DATASET EXCERPTS:
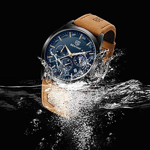 COMFORT&DURABLE: When you need a watch prove that you value your time. BENYAR Leather strap watch, not only makes a comfortable sense for your wrist but also easy to match your clothes. Our Analog wrist watches are perfect for the adventurer or the everyday man who is looking for a stylish match his outfit. Our passion drives us towards perfection, putting in hours and hours of work to get a truly amazing and unique end product.
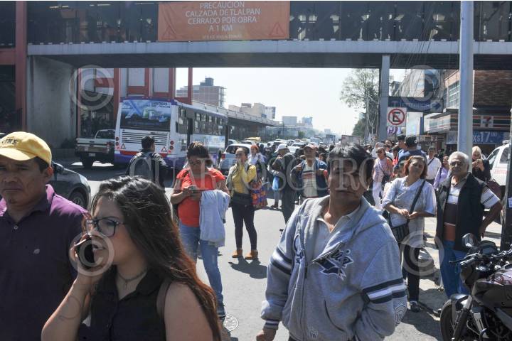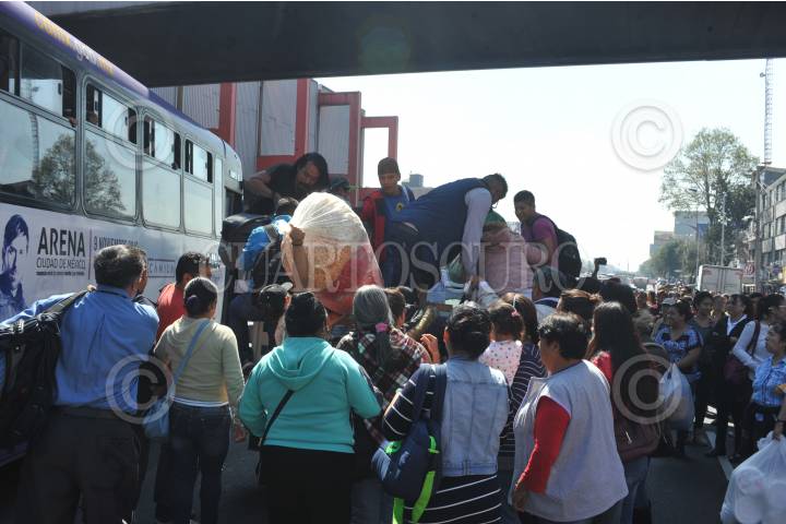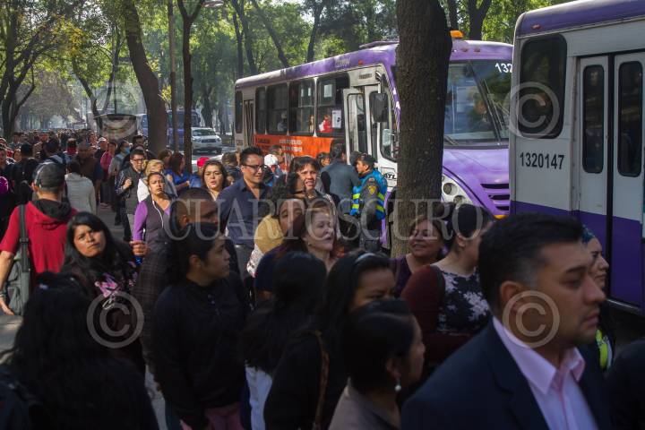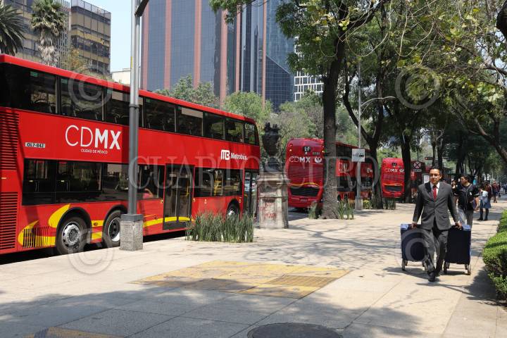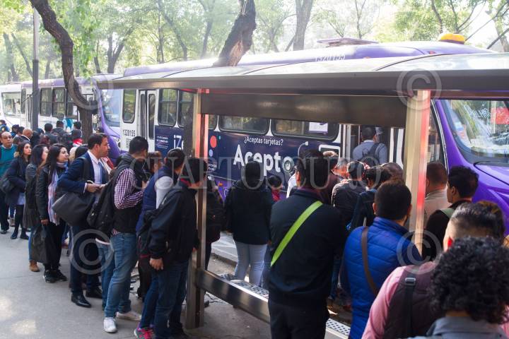 CIUDAD DE MÉXICO, 05MARZO2018.- Las unidades del Metrobus Línea 7 quedaron atoradas en Reforma luego de que se presentó una protesta de campesinos que bloquearon esta arteria. Una fila de estas nuevas unidades se pudieron observar estacionadas en lo que se liberaba esta vía. FOTO: BERNANDINO HERNÁNDEZ /CUARTOSCURO.COM
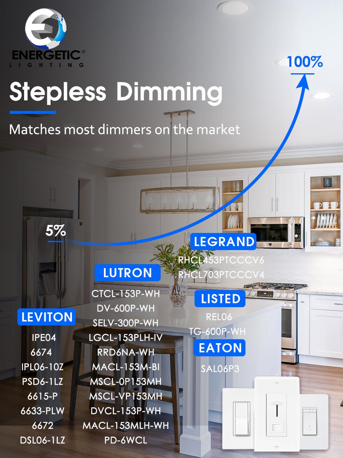 - 💡Eye protection: Our led can lights retrofit recessed lighting can smooth dimming from 5% to 100%. so you can choose the most comfortable brightness for your eyes. no flicker and no noise, which is compatible with most popular dimmers. suitable for Wet location, meets various scenarios, such as living room, kitchen, bedroom, bathroom, soffits, workplace, etc
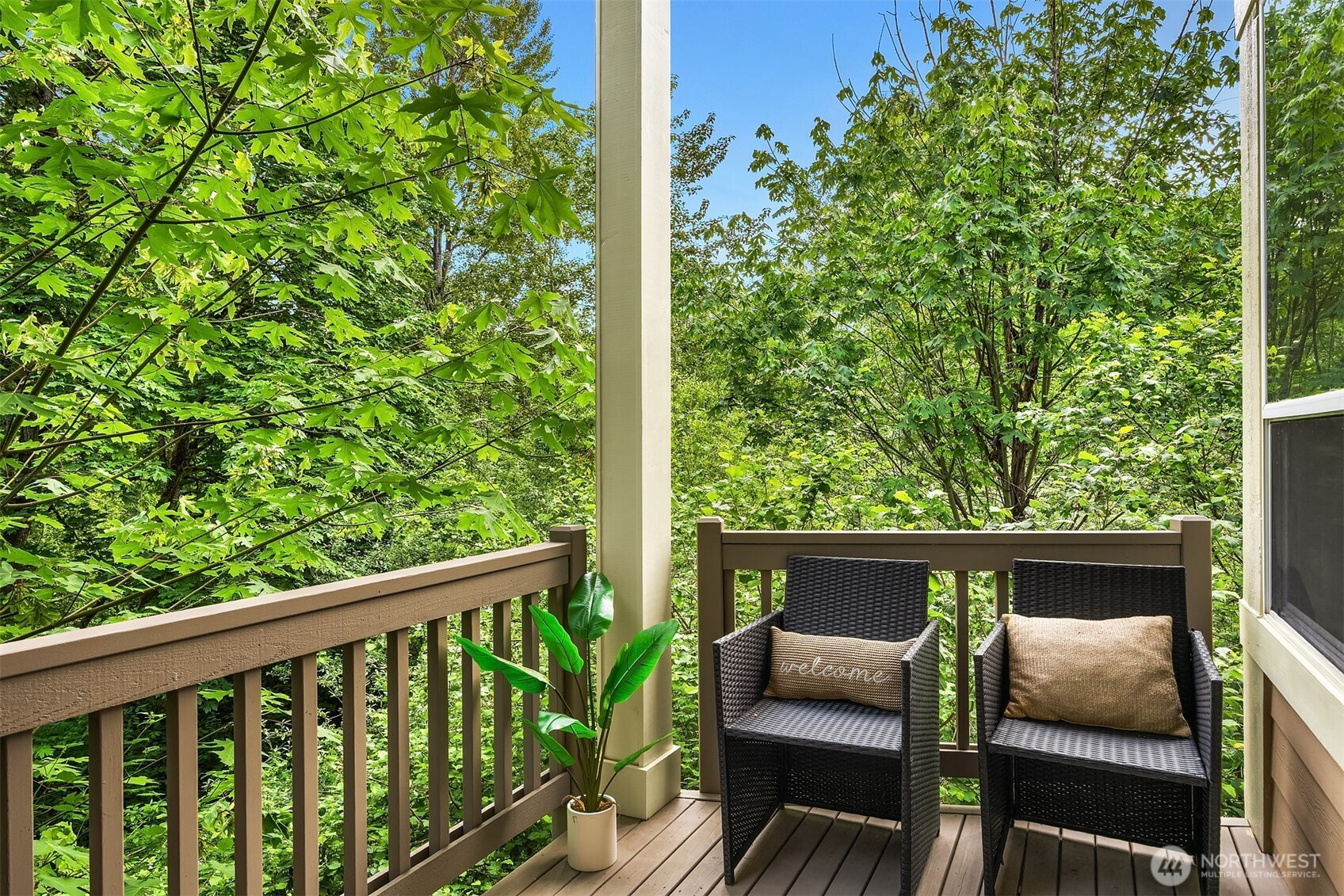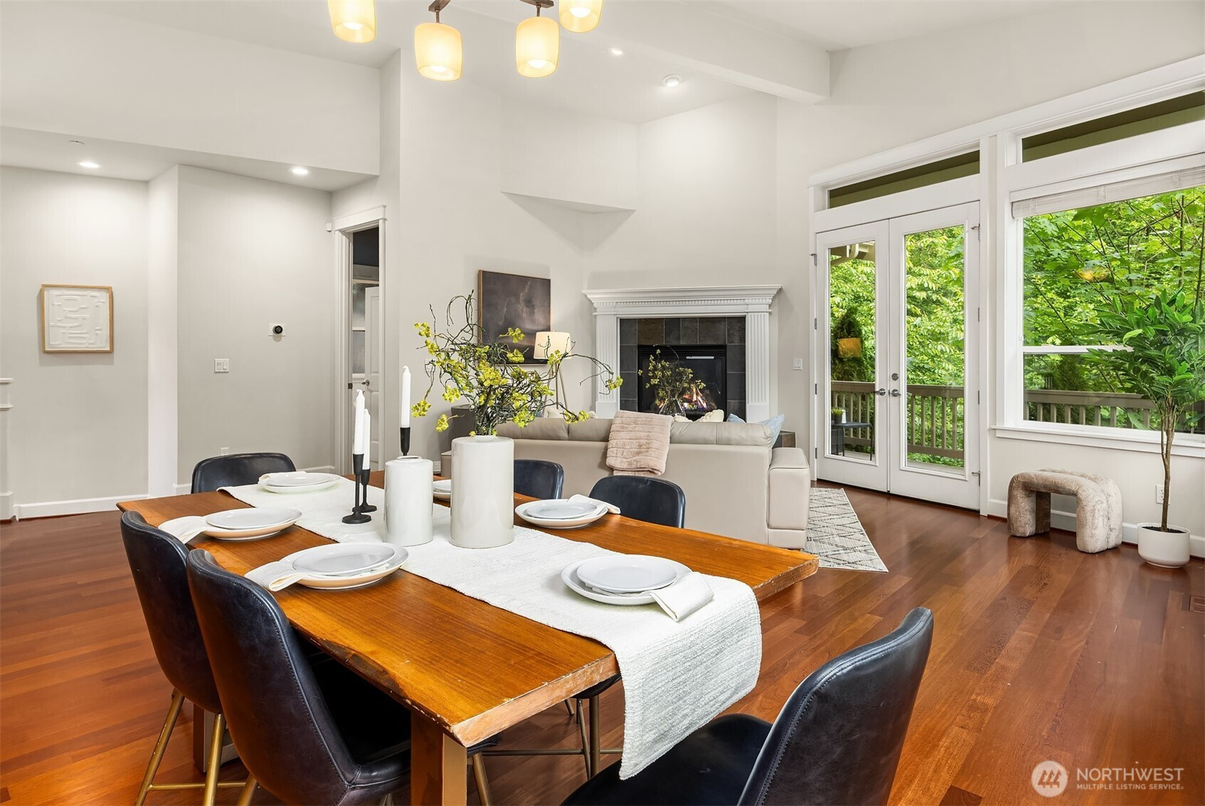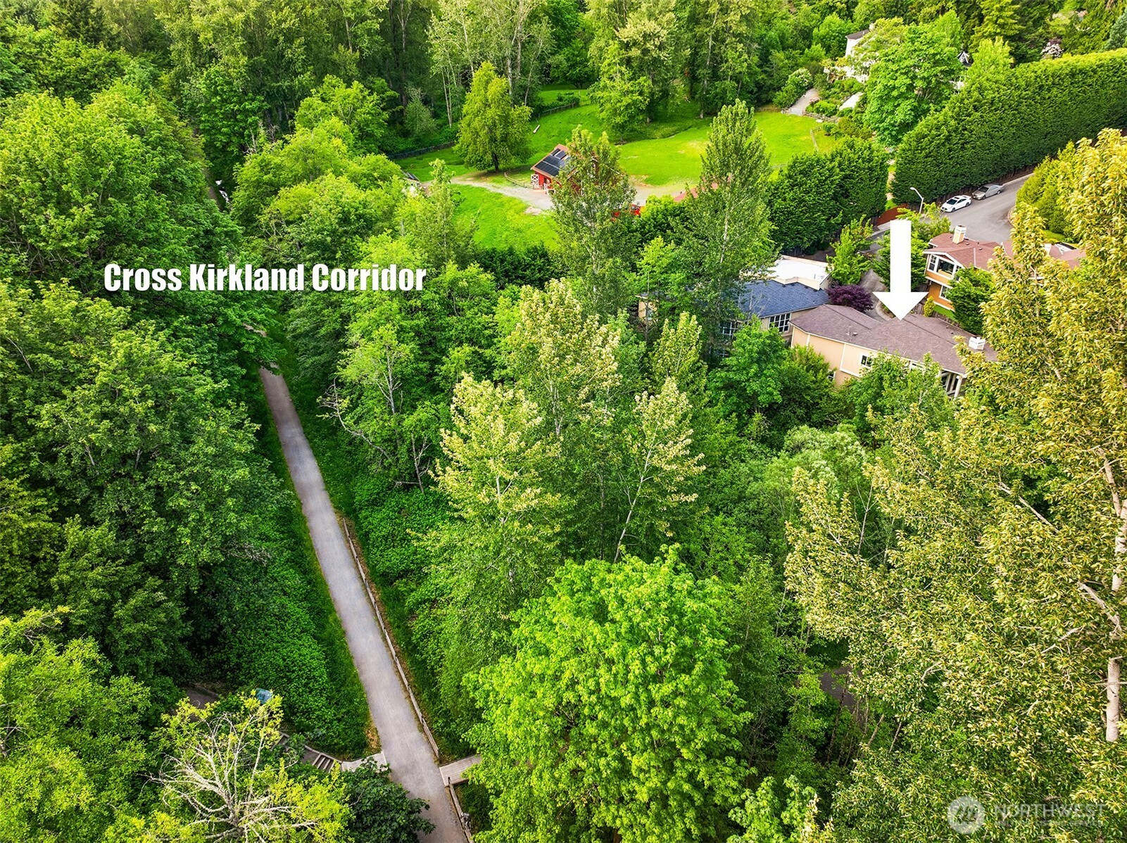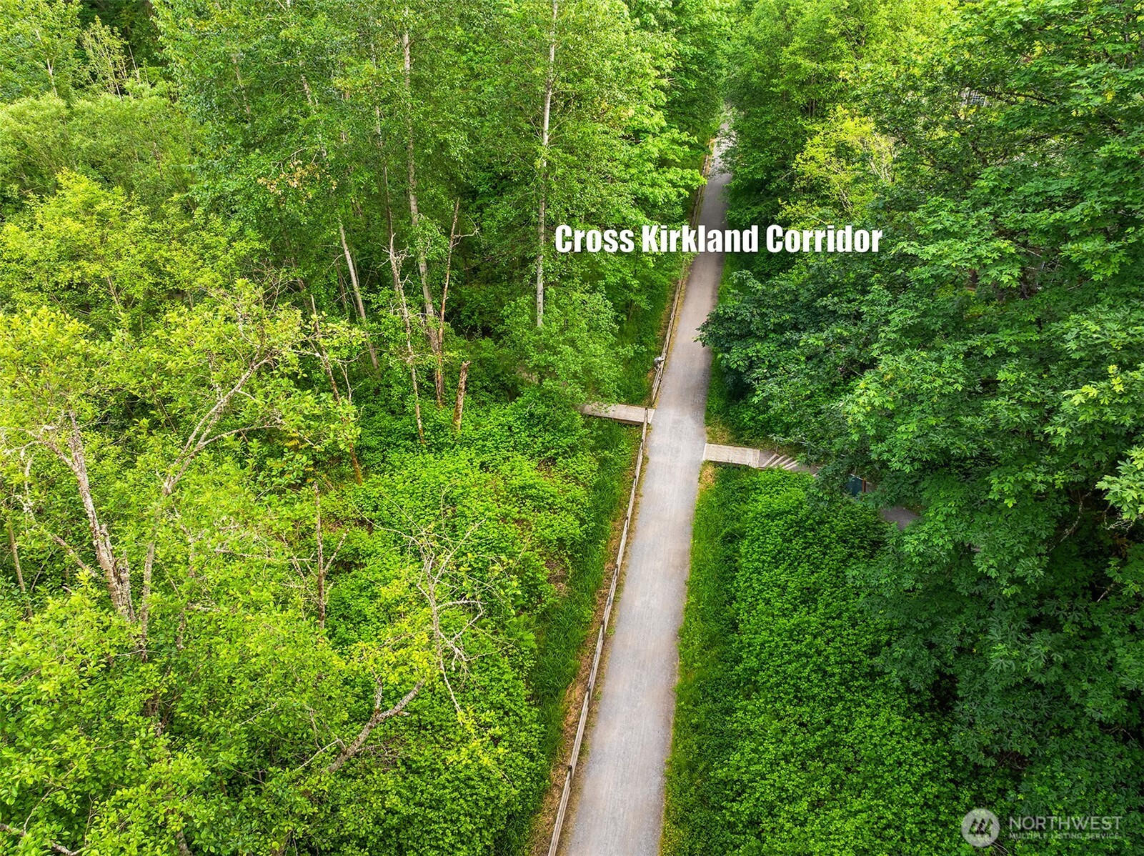 Private access to the Cross Kirkland Corridor Trail and a peaceful, treehouse-like setting make this home a rare find in the highly sought-after Kirkland Highlands. No HOA and central A/C for comfort and convenience. Vaulted ceilings, Brazilian cherry floors, gas fireplace, and wall of windows create an open, airy feel. French doors lead to a spacious deck, perfect for unwinding in nature. The kitchen features granite counters, cherry cabinets, and a gas cooktop. Main-level bedroom with vaulted ceiling, walk-in closet, and 5-piece bath. Downstairs includes a large family room, gas fireplace, patio access with a hot tub, and flexible work-from-home space. Conveniently located near local restaurants, shops, and everyday amenities.
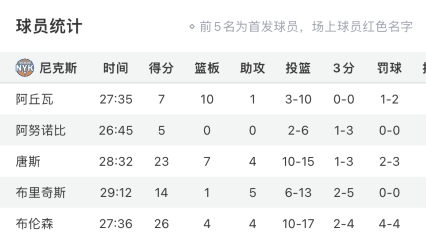 三節(jié)結(jié)束時,尼克斯落后31分,末節(jié)錫伯杜沒再讓先發(fā)球員登場,首發(fā)五虎的出場時間都在20+。
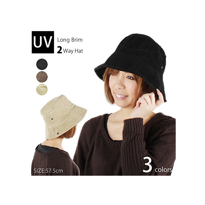 원본상품명: つば 帽子 レディス UVカット HAT-037 ハット コデュロイ つば 2WAY 無地 シンプル ブラック ブラウン 茶 ベジュ 春 夏 秋 冬 かわいい
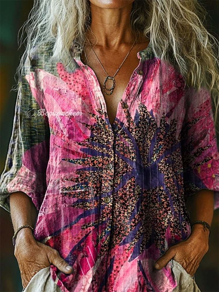 Women's Bohemian Floral Art Print Casual Cotton Linen Shirt

WHAT THIS TASK INVOLVES: Reproduce all of the material above word for word. Omit the pictures.

OUTPUT OF THE TASK:
 COMFORT&DURABLE: When you need a watch prove that you value your time. BENYAR Leather strap watch, not only makes a comfortable sense for your wrist but also easy to match your clothes. Our Analog wrist watches are perfect for the adventurer or the everyday man who is looking for a stylish match his outfit. Our passion drives us towards perfection, putting in hours and hours of work to get a truly amazing and unique end product.
 CIUDAD DE MÉXICO, 05MARZO2018.- Las unidades del Metrobus Línea 7 quedaron atoradas en Reforma luego de que se presentó una protesta de campesinos que bloquearon esta arteria. Una fila de estas nuevas unidades se pudieron observar estacionadas en lo que se liberaba esta vía. FOTO: BERNANDINO HERNÁNDEZ /CUARTOSCURO.COM
 - 💡Eye protection: Our led can lights retrofit recessed lighting can smooth dimming from 5% to 100%. so you can choose the most comfortable brightness for your eyes. no flicker and no noise, which is compatible with most popular dimmers. suitable for Wet location, meets various scenarios, such as living room, kitchen, bedroom, bathroom, soffits, workplace, etc
 Private access to the Cross Kirkland Corridor Trail and a peaceful, treehouse-like setting make this home a rare find in the highly sought-after Kirkland Highlands. No HOA and central A/C for comfort and convenience. Vaulted ceilings, Brazilian cherry floors, gas fireplace, and wall of windows create an open, airy feel. French doors lead to a spacious deck, perfect for unwinding in nature. The kitchen features granite counters, cherry cabinets, and a gas cooktop. Main-level bedroom with vaulted ceiling, walk-in closet, and 5-piece bath. Downstairs includes a large family room, gas fireplace, patio access with a hot tub, and flexible work-from-home space. Conveniently located near local restaurants, shops, and everyday amenities.
 三節(jié)結(jié)束時,尼克斯落后31分,末節(jié)錫伯杜沒再讓先發(fā)球員登場,首發(fā)五虎的出場時間都在20+。
 원본상품명: つば 帽子 レディス UVカット HAT-037 ハット コデュロイ つば 2WAY 無地 シンプル ブラック ブラウン 茶 ベジュ 春 夏 秋 冬 かわいい
 Women's Bohemian Floral Art Print Casual Cotton Linen Shirt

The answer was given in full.